Segment Start: Given material

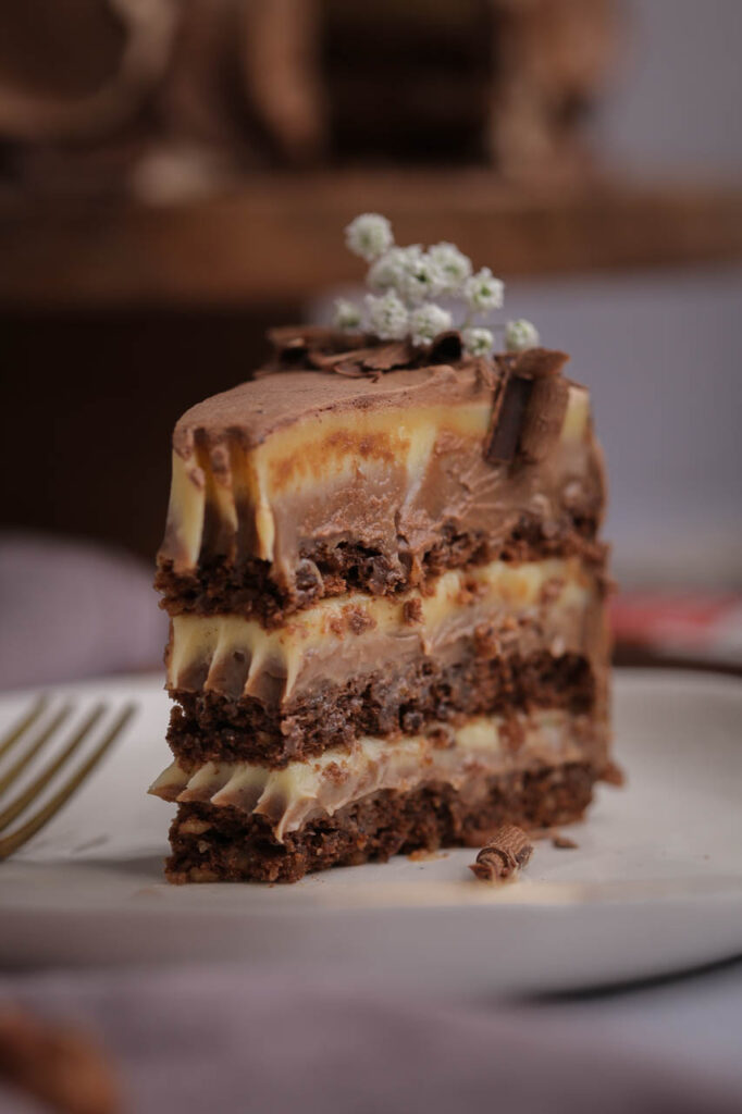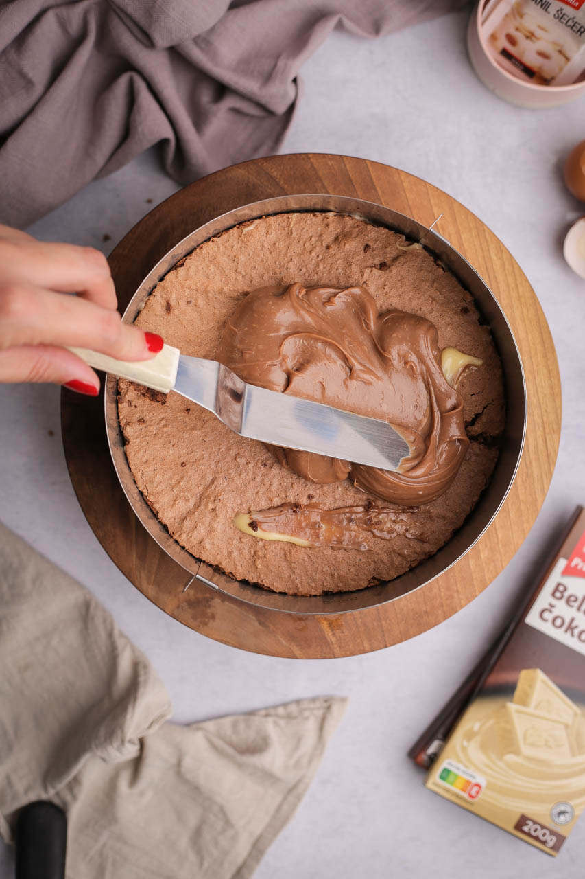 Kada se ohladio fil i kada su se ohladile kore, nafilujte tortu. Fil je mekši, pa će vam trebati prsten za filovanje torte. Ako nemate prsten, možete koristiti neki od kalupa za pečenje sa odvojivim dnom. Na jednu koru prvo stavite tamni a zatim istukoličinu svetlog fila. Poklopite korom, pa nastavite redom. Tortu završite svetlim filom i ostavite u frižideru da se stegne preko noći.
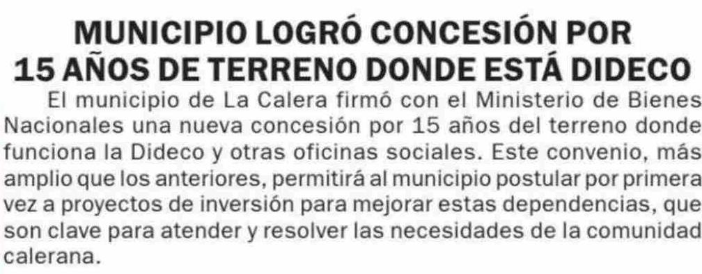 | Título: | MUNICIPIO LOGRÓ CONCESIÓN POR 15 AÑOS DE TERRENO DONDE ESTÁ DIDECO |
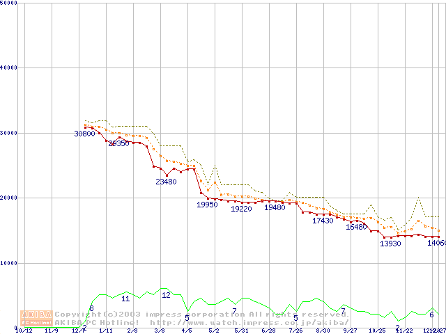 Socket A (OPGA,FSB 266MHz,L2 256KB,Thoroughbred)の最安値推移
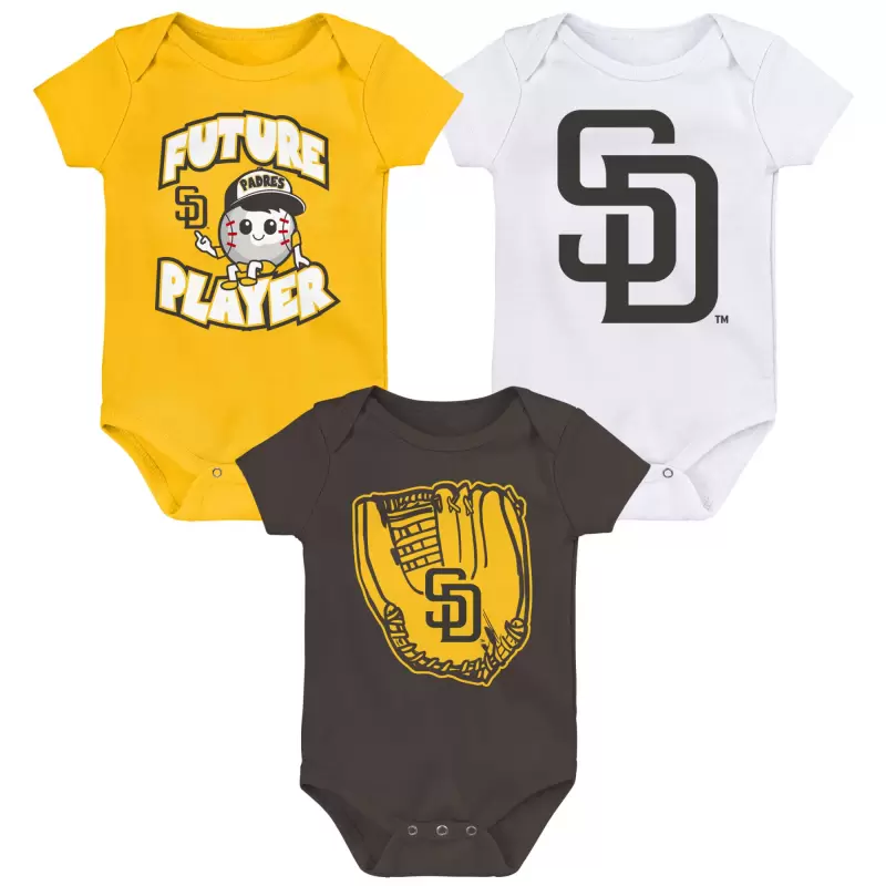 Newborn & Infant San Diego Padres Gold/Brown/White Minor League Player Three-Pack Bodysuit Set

Segment End: Given material

◆ **About this exercise**:
Line for line, retype the material exactly, omitting any pictures.

◆ **Output of the task**:
 Kada se ohladio fil i kada su se ohladile kore, nafilujte tortu. Fil je mekši, pa će vam trebati prsten za filovanje torte. Ako nemate prsten, možete koristiti neki od kalupa za pečenje sa odvojivim dnom. Na jednu koru prvo stavite tamni a zatim istukoličinu svetlog fila. Poklopite korom, pa nastavite redom. Tortu završite svetlim filom i ostavite u frižideru da se stegne preko noći.
 | Título: | MUNICIPIO LOGRÓ CONCESIÓN POR 15 AÑOS DE TERRENO DONDE ESTÁ DIDECO |
 Socket A (OPGA,FSB 266MHz,L2 256KB,Thoroughbred)の最安値推移
 Newborn & Infant San Diego Padres Gold/Brown/White Minor League Player Three-Pack Bodysuit Set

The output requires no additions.